[Data block]

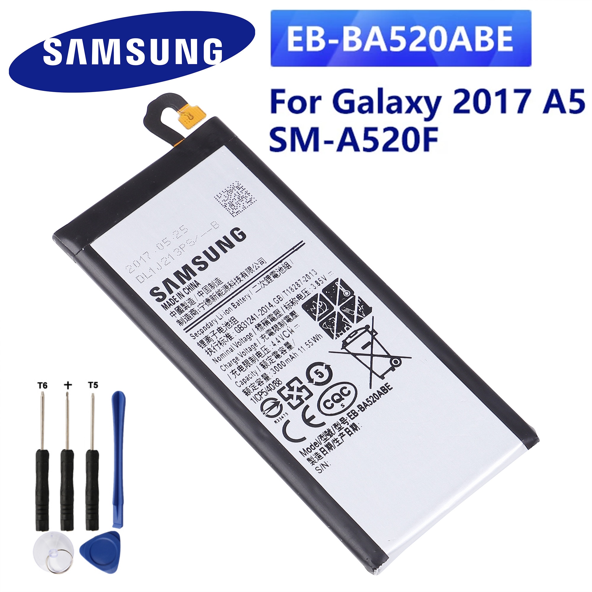 100% Оригинальный аккумулятор EB-BA520ABE для Samsung GALAXY A5 2017 A520F SM-A520F 2017 версия 3000 мАч
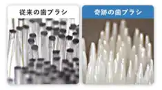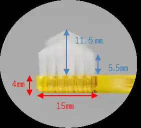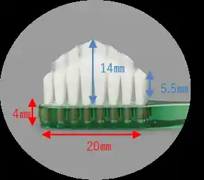 | 従来の均一な植毛ではなく、歯面と歯間を同時にケア。高さ1.9mmの段差設計。 | ||||||||||||||
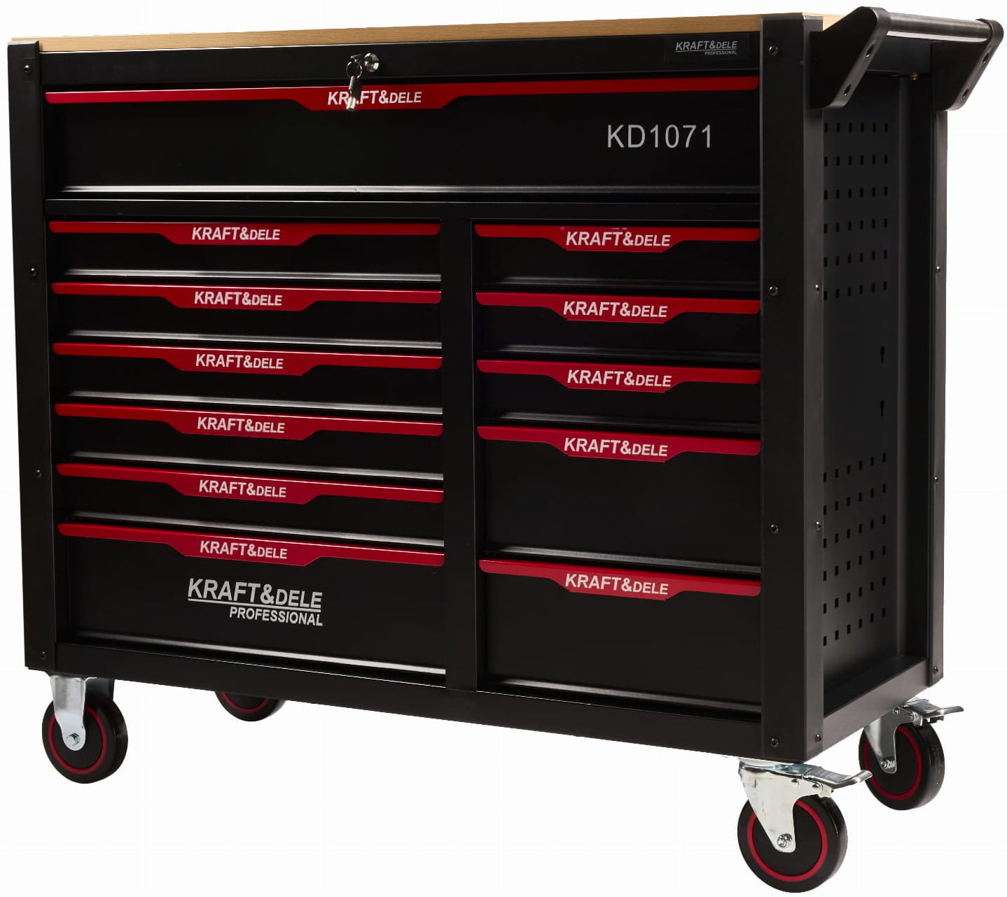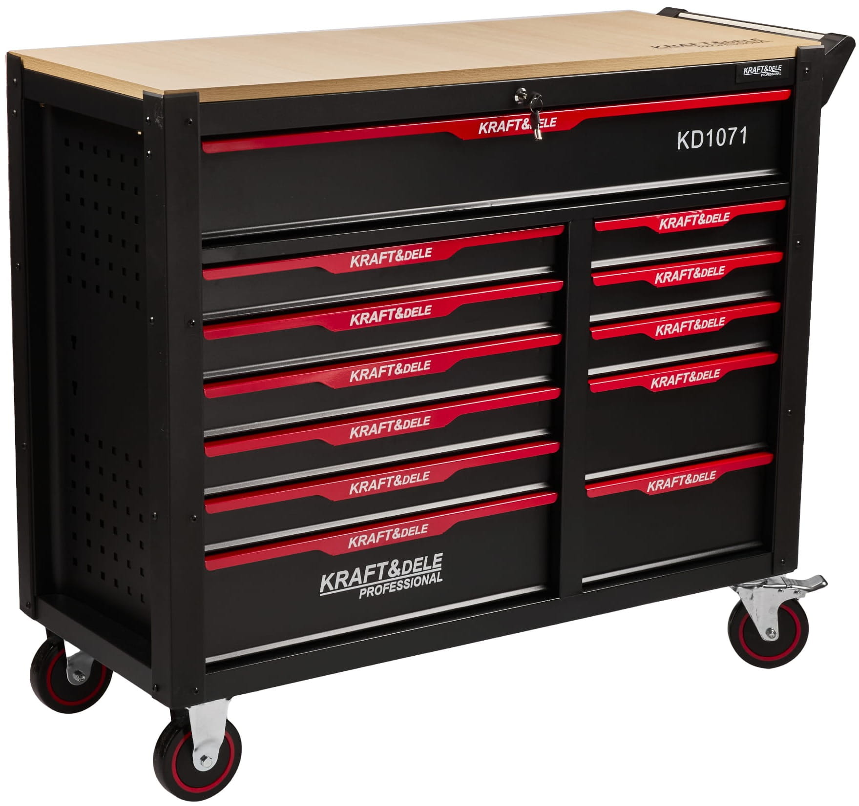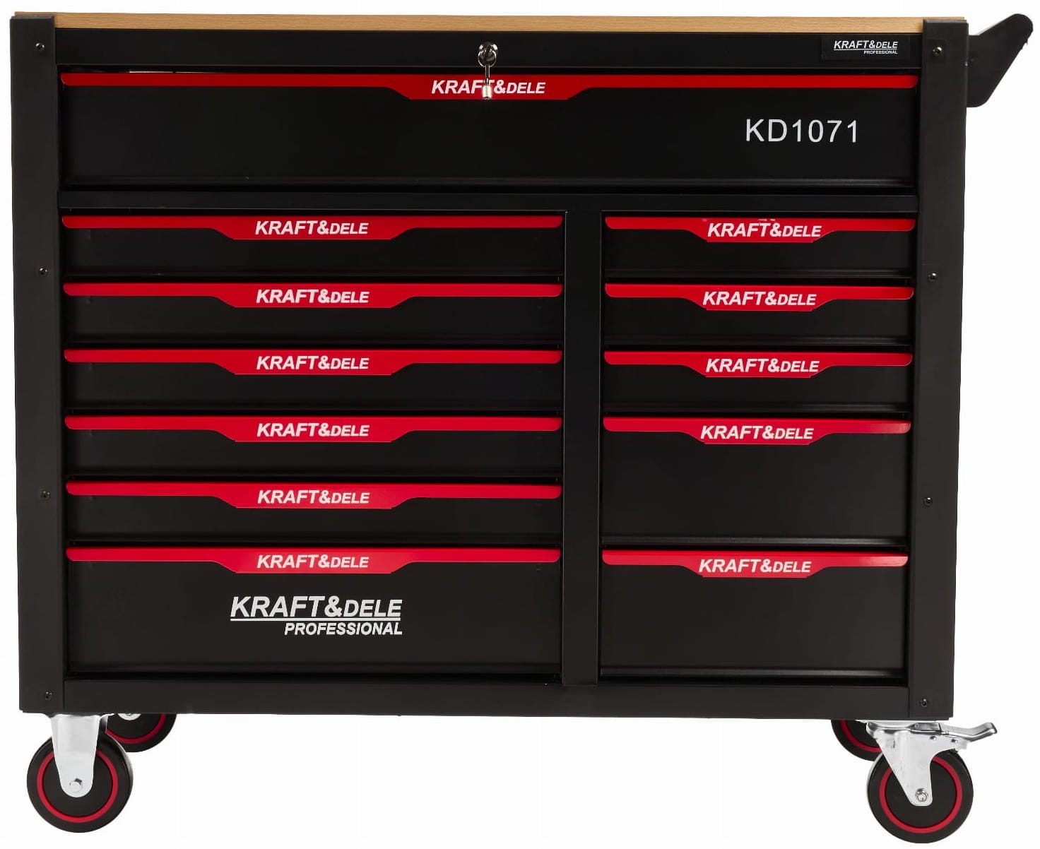 Stalowy wózek narzędziowy z kompletem 541 elementów wykonanych ze stali chromowo-wanadowej CrV. Konstrukcja z 12 szufladami na łożyskowanych prowadnicach przeznaczona do stałego użytku warsztatowego i garażowego. Masa własna 124 kg świadczy o masywności obudowy i objętości zestawu narzędzi.

[/Data block]

*Problem requirements*:
In your output, repeat the listing above exactly and include none of the pictures.

*Exercise output*:
 100% Оригинальный аккумулятор EB-BA520ABE для Samsung GALAXY A5 2017 A520F SM-A520F 2017 версия 3000 мАч
 | 従来の均一な植毛ではなく、歯面と歯間を同時にケア。高さ1.9mmの段差設計。 | ||||||||||||||
 Stalowy wózek narzędziowy z kompletem 541 elementów wykonanych ze stali chromowo-wanadowej CrV. Konstrukcja z 12 szufladami na łożyskowanych prowadnicach przeznaczona do stałego użytku warsztatowego i garażowego. Masa własna 124 kg świadczy o masywności obudowy i objętości zestawu narzędzi.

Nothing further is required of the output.